• **Task to complete**: Below are some records. Return exactly their lines from the one containing "The Stark family 1978" through the one containing "All-weather mat over the tunnel 3V0 061 580", and drop the pictures.

• **Dataset**:

****************

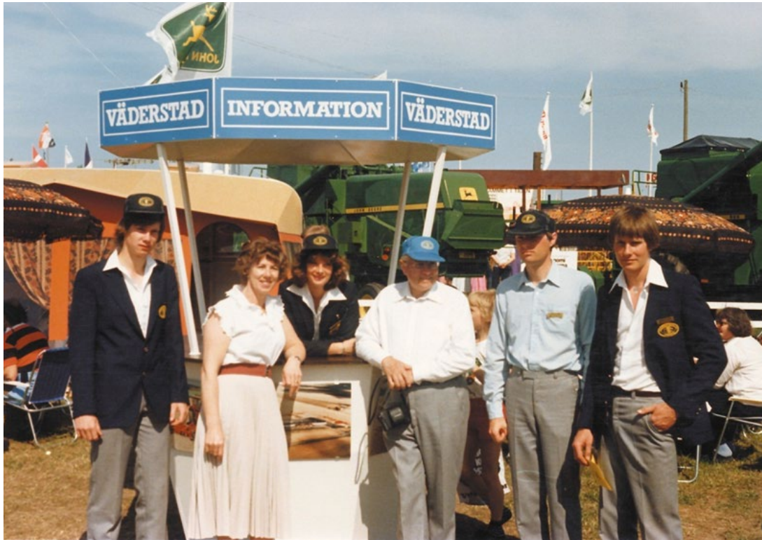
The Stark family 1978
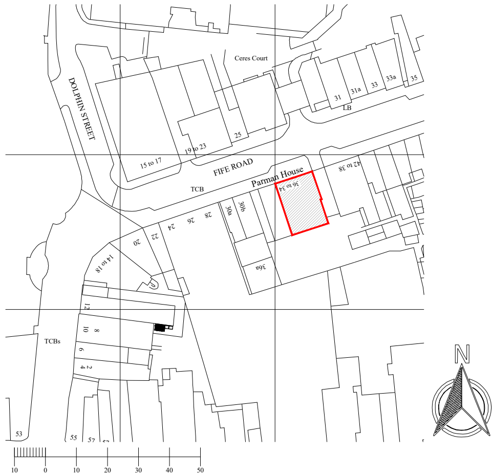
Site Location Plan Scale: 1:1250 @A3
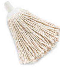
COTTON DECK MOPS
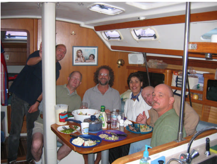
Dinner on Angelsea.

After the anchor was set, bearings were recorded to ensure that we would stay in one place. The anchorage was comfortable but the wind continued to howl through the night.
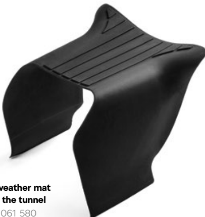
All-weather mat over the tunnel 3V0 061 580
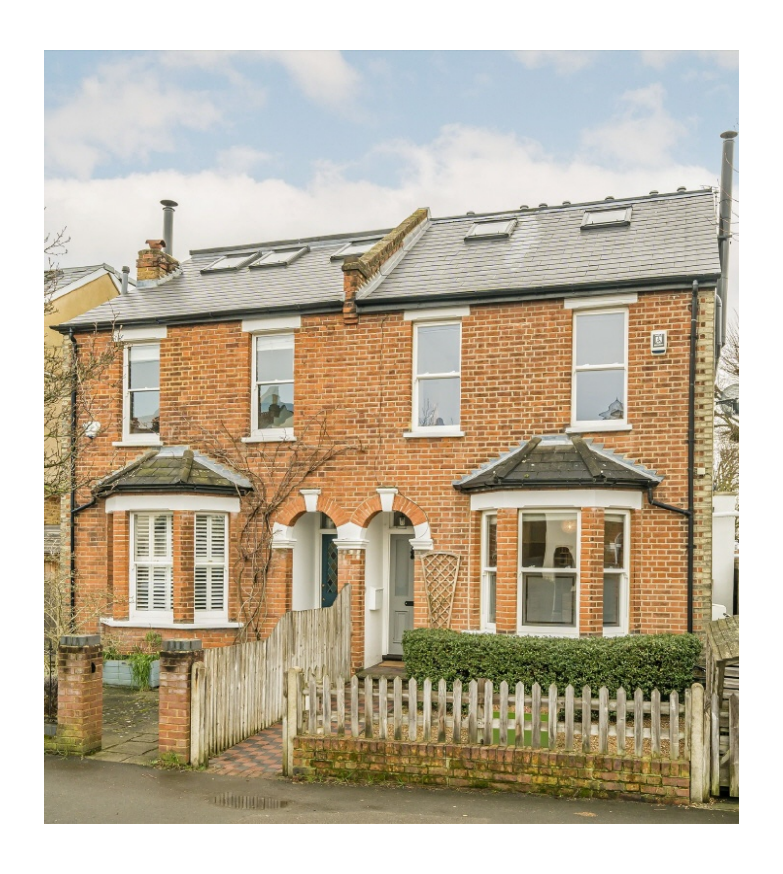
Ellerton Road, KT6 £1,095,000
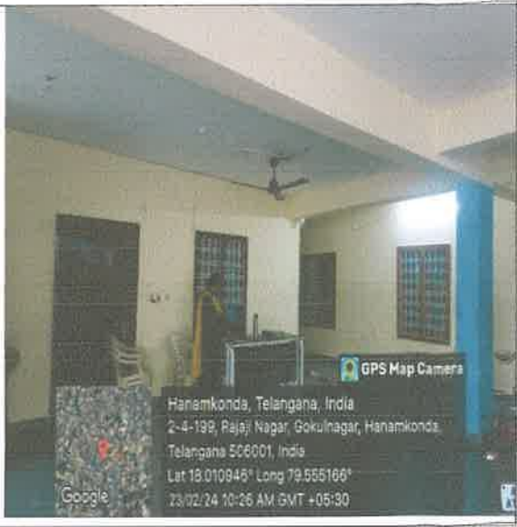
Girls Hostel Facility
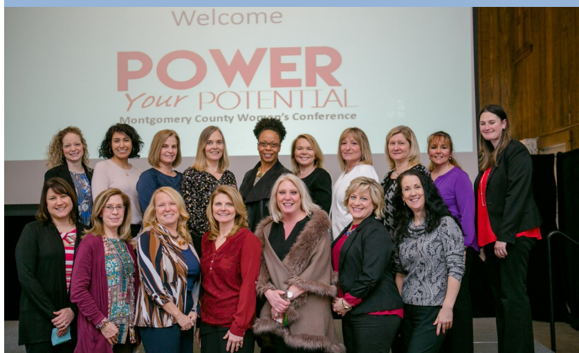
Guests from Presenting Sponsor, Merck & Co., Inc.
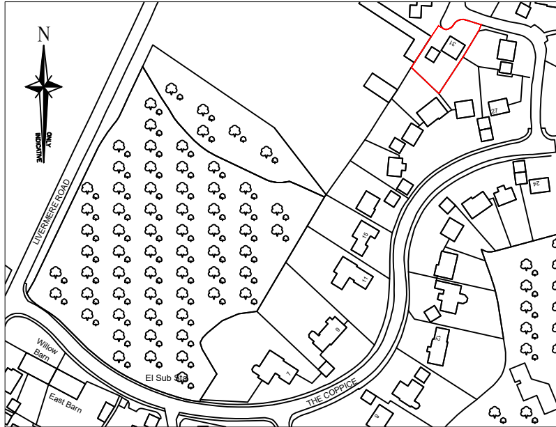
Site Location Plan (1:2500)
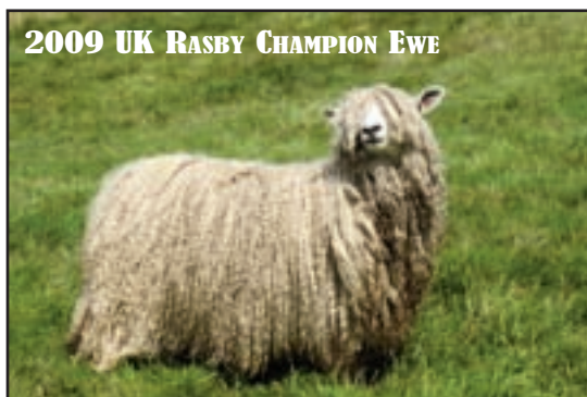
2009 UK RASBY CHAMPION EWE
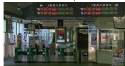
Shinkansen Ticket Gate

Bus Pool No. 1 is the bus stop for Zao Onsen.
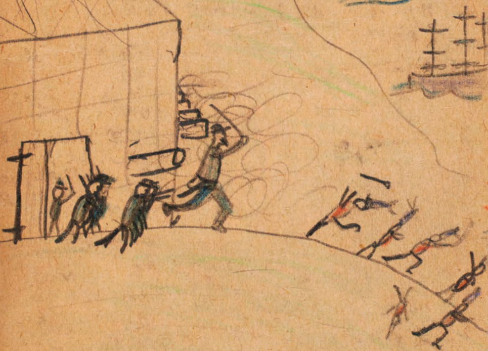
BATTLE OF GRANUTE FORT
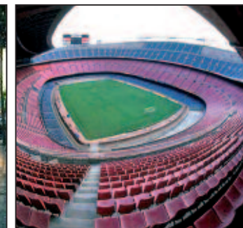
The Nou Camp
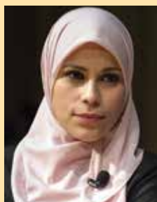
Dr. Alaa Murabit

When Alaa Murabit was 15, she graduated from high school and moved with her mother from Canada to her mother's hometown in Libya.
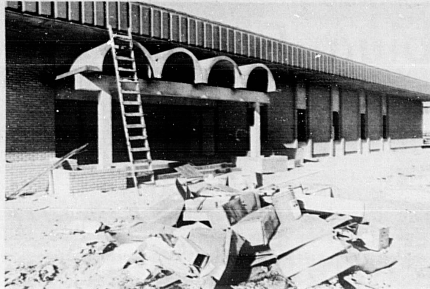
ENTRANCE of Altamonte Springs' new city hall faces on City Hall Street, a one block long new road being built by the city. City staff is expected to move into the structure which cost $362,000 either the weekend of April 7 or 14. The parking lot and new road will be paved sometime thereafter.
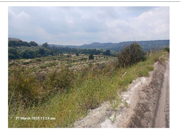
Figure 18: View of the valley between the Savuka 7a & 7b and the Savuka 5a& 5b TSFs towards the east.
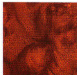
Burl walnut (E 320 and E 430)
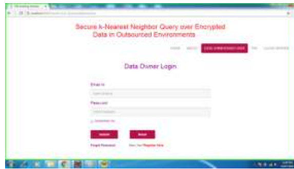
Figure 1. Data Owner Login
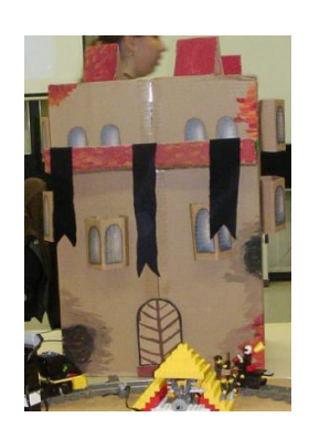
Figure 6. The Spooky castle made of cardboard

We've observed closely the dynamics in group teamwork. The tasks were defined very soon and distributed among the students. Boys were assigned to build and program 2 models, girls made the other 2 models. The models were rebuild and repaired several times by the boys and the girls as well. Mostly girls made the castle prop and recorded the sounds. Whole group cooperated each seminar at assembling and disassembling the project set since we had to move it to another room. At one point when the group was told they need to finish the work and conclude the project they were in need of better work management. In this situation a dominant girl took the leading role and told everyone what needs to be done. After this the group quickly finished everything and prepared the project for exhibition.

****************

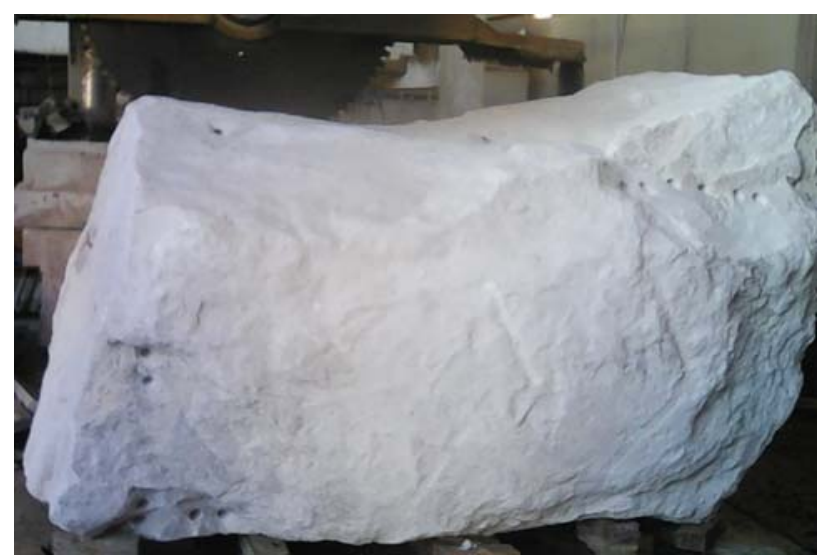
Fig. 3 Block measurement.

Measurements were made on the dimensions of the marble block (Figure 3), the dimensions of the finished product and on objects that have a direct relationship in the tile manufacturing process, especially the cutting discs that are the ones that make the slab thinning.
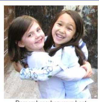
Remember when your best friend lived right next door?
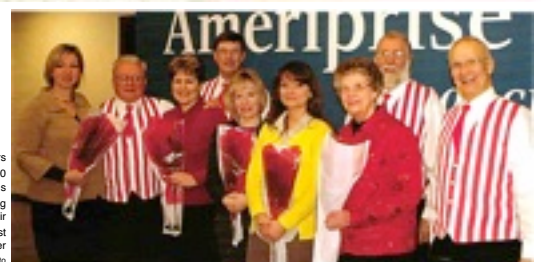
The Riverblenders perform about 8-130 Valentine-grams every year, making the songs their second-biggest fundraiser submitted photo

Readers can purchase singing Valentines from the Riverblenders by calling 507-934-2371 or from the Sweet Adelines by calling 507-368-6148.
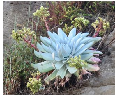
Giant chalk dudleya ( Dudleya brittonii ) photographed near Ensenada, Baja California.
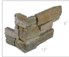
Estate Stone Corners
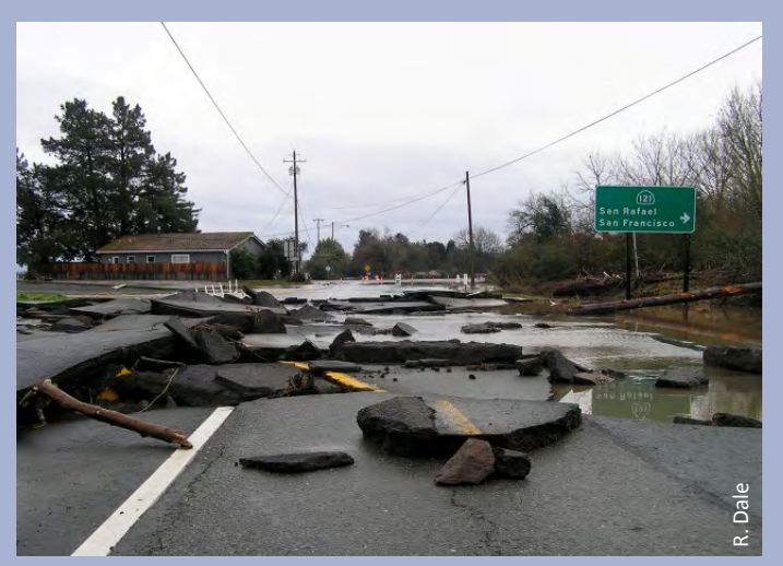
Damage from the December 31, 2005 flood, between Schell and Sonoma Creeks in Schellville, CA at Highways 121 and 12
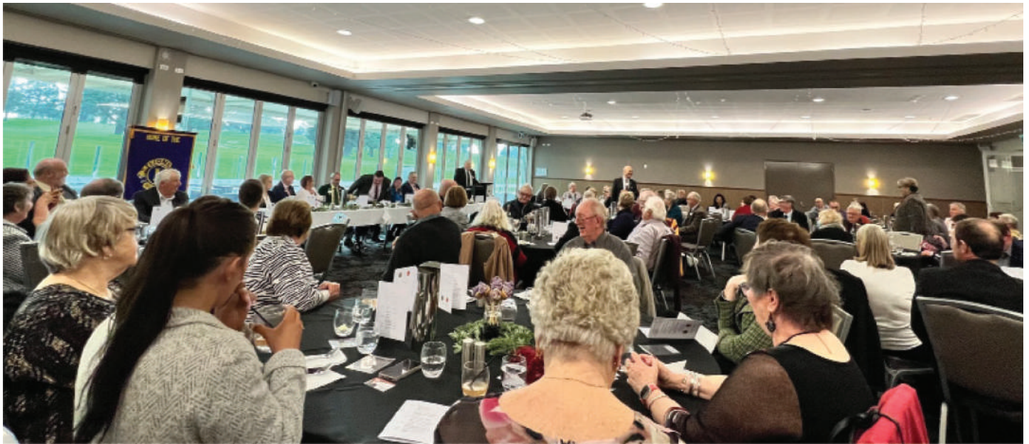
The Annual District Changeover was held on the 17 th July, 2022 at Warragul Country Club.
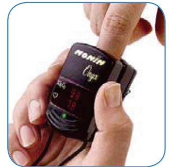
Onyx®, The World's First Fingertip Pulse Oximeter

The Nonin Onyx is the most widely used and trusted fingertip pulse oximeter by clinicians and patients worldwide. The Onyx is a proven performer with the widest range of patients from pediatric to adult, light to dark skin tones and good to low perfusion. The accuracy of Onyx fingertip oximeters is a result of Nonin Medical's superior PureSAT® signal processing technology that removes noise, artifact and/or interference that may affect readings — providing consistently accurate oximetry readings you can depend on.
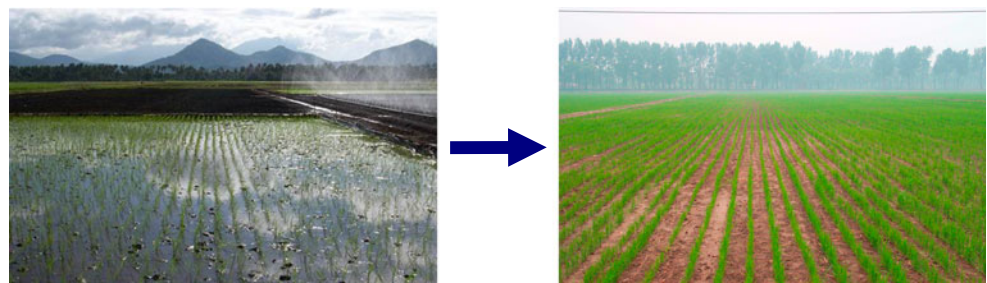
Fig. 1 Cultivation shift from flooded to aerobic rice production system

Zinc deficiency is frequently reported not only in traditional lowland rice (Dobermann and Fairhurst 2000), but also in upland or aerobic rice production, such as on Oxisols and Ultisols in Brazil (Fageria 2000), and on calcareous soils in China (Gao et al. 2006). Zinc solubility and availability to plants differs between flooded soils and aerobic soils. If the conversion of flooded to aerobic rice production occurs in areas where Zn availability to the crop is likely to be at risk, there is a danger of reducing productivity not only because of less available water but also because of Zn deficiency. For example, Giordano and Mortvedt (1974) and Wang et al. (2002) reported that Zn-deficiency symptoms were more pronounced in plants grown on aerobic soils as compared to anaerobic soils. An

****************

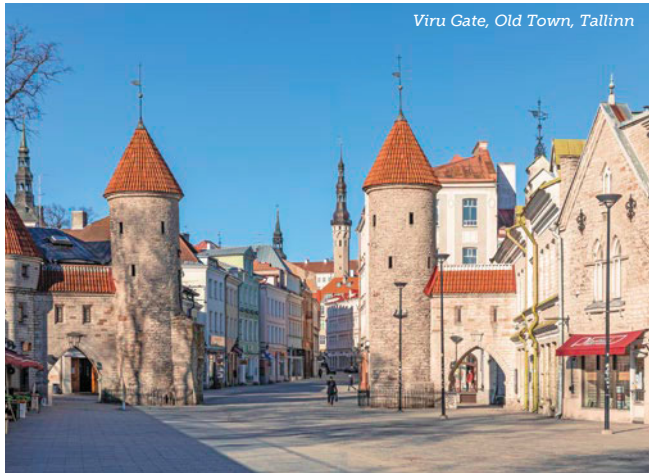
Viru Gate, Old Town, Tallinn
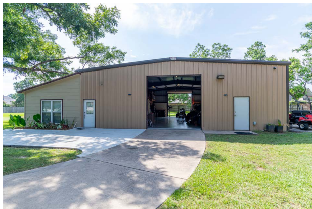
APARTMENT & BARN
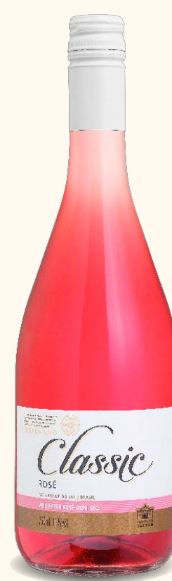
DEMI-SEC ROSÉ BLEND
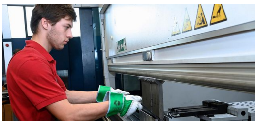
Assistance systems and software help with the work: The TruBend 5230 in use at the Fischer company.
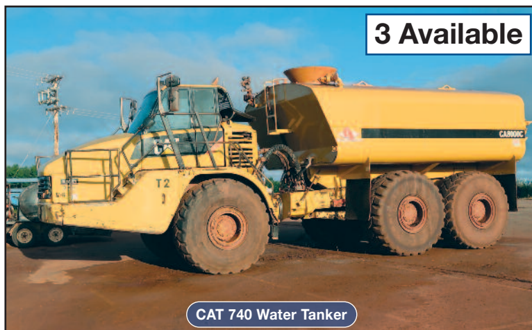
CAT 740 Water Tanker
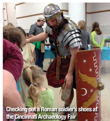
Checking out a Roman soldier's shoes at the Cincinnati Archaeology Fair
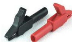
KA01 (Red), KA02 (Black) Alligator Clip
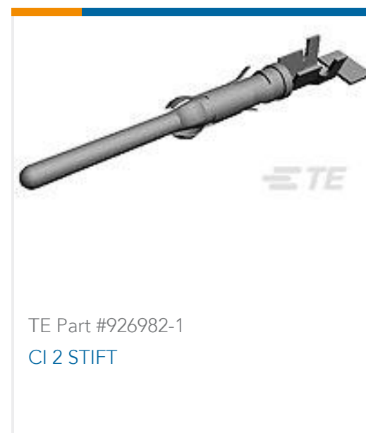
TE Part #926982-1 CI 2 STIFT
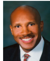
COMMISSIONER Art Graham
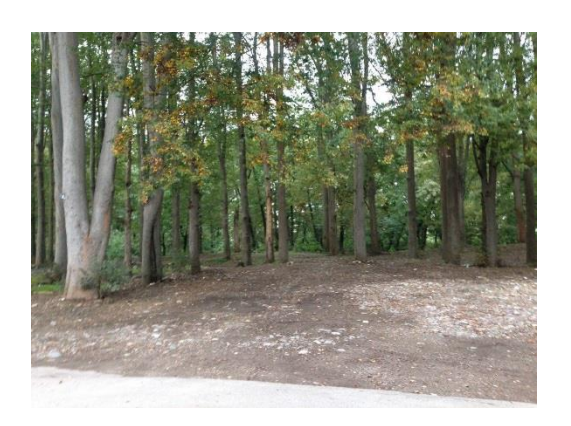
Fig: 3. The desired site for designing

****************

• **Answer to this problem**:
The Stark family 1978
Site Location Plan Scale: 1:1250 @A3
COTTON DECK MOPS
Dinner on Angelsea.

After the anchor was set, bearings were recorded to ensure that we would stay in one place. The anchorage was comfortable but the wind continued to howl through the night.
All-weather mat over the tunnel 3V0 061 580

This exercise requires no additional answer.